Physical meaning and consequences of the loop IR divergences in global dS

TL;DR

This paper investigates how loop IR divergences in global de Sitter space break its isometry symmetry, derives a kinetic equation from the Dyson-Schwinger framework, and explores the physical implications, including particle production.

Contribution

It introduces a kinetic equation for global de Sitter space derived from the Dyson-Schwinger approach, revealing the physical effects of IR divergences and isometry breaking.

Findings

Loop IR divergences break de Sitter isometry in global space.

Kinetic equation describes IR effects and particle dynamics.

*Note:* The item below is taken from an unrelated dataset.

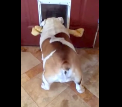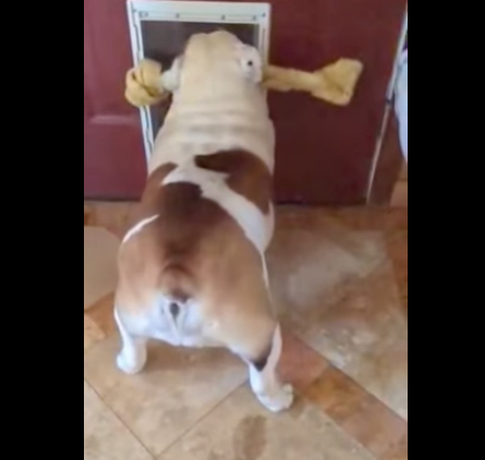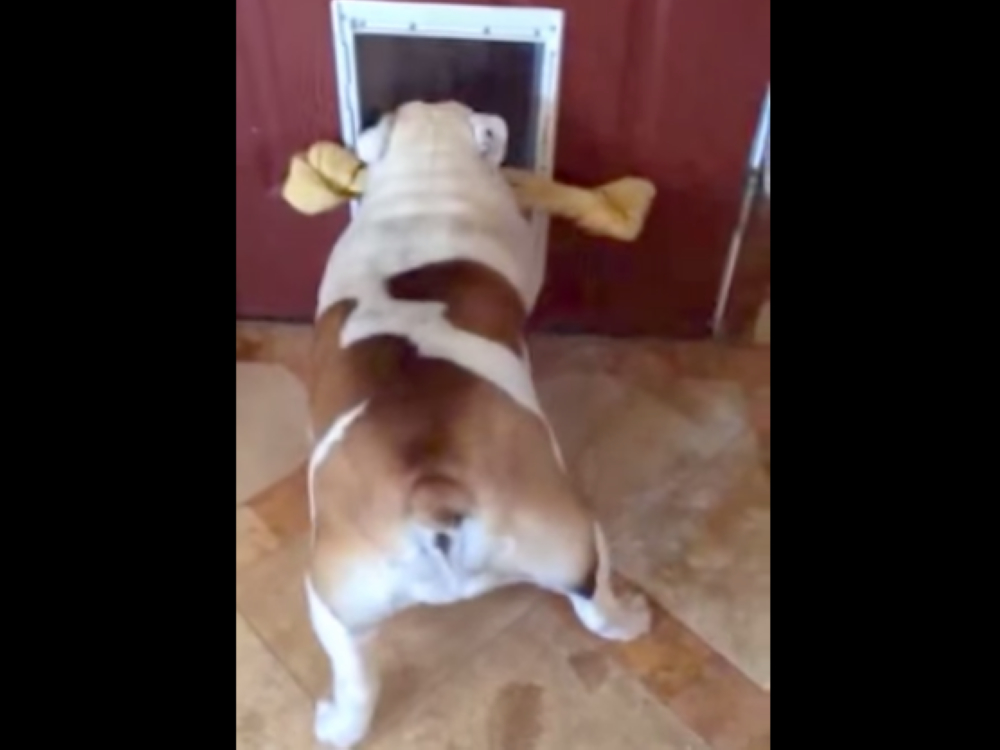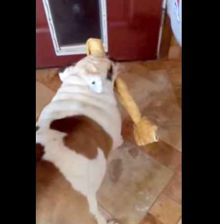 狗狗是一種憨厚的動物,因此我們常常可以看到牠們無意間的耍寶!國外有一隻叫做魯瑟(Russet)的英國鬥牛犬也是如此!去年的聖誕節,主人在廚房裡給了牠一隻超大的磨牙骨當做聖誕禮物,開心的魯瑟咬著骨頭想要帶回窩裡慢慢啃,無奈狗門實在太小,魯瑟咬著那根骨頭根本過不去!這下可怎麼辦才好呢?

Explosive particle production occurs under certain initial conditions.

Abstract

Following arXiv:1012.2107 we show that in global de Sitter space its isometry is broken by the loop IR divergences for any invariant vacuum state of the massive scalars. We derive kinetic equation in global de Sitter space. It follows from the Dyson-Schwinger equation of the Schwinger-Keldysh diagrammatic technique in IR limit and allows to understand the physical meaning and consequences of the loop IR divergences. In many respects the isometry breaking in global dS is similar to the one in the contracting Poincare patch of de Sitter space. Hence, as a warm up exercise we study the kinetic equation and properties of its solutions in the expanding and contracting Poincare patches of de Sitter space. Quite unexpectedly we find that under some initial conditions there is an explosive production of massive particles in the expanding Poincare patch.